Impact on drug manufacturers

The CBO report explains that the impact on drug manufacturers for any payment option under a single-payer system would depend on the payer mix of a given company for its products. For example, if the single-payer system used an average of FSS, Medicaid, and Medicare Part D prescription drug prices, the average price would probably decline for drugs that are currently purchased mostly by people with commercial insurance, but the average price might increase for drugs currently purchased mostly by Medicaid enrollees (with some exceptions) and by the Veterans Health Administration.

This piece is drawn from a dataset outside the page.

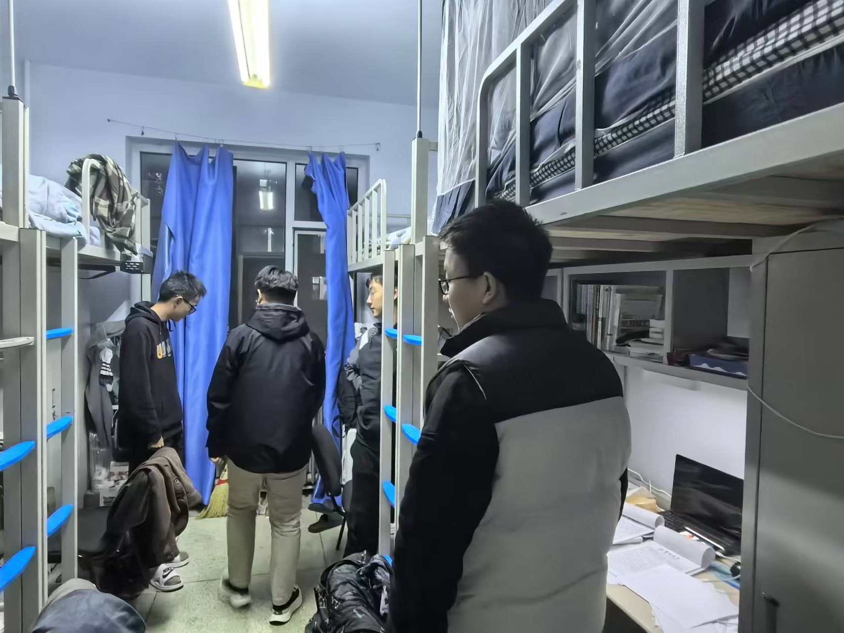 10月30日,2022级辅导员母茂松老师进入《地下水动力学A》课堂,检查员工到课情况,本次课程共计5人未到、1人迟到。11月3日,母老师进入朝阳七公寓进行查寝,提醒员工进入冬季需定期开窗通风,保持室内卫生。
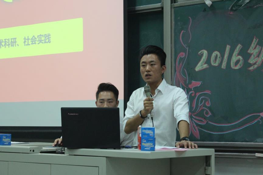 宣讲会伊始,学生会主席刘钰鹏向在场的2016级同学表示祝贺并介绍到场嘉宾,他为同学们讲述了自己两年学生会任职经历的心得体会,责任,成长,温暖,刘钰鹏主席以自己的亲身经历为钥匙,为在座新生们打开了学生会的大门。随后,团总支副书记陈冰为大家介绍学生会的基础架构与组成部分,AC米兰中文官方网站团总支学生会由大一到大三的同学组成。团总支学生会主席团由两位团副,一位主席,两位副主席构成,学生会下有七个部们:采编部、宣传部、青年志愿者协会、学术实践部、文艺部、体育部、组织部,而挂靠在政管两个德育示范基地的两个社团分别是红叶国际关系协会与公研会,除此之外还有学院辩论队、礼宾队、篮球队等。陈冰团副的介绍清晰完整,使得在场同学对学生会有了宏观的了解。紧接着由团总支副书记杨崇祺为大家介绍AC米兰中文官方网站取得的成就,幻灯片上是文字与图片,但这背后是政管人的不懈努力与长期坚持,而在这之中,团总支学生会的各位成员起到了不可忽视的作用。

The report further points out that the impact of a single-payer system on manufacturers is uncertain because pharmaceutical products are sold globally. If average prescription drug prices fell under a single-payer system in the US, “manufacturers might be able to counter at least some of those declines in average US prices if they could convince health systems in other countries to raise their prices,” according to the CBO report. “If manufacturers could not offset the price decline in the US by obtaining higher prices in other countries, they might reduce research and development of new drug products.” The report offers as an example that if a single-payer system paid for a new drug on the basis of its additional benefit their relative to existing drugs, manufacturers might refocus research and development on drugs that provide significant additional benefits instead of drugs that provide marginal improvements over other existing drugs.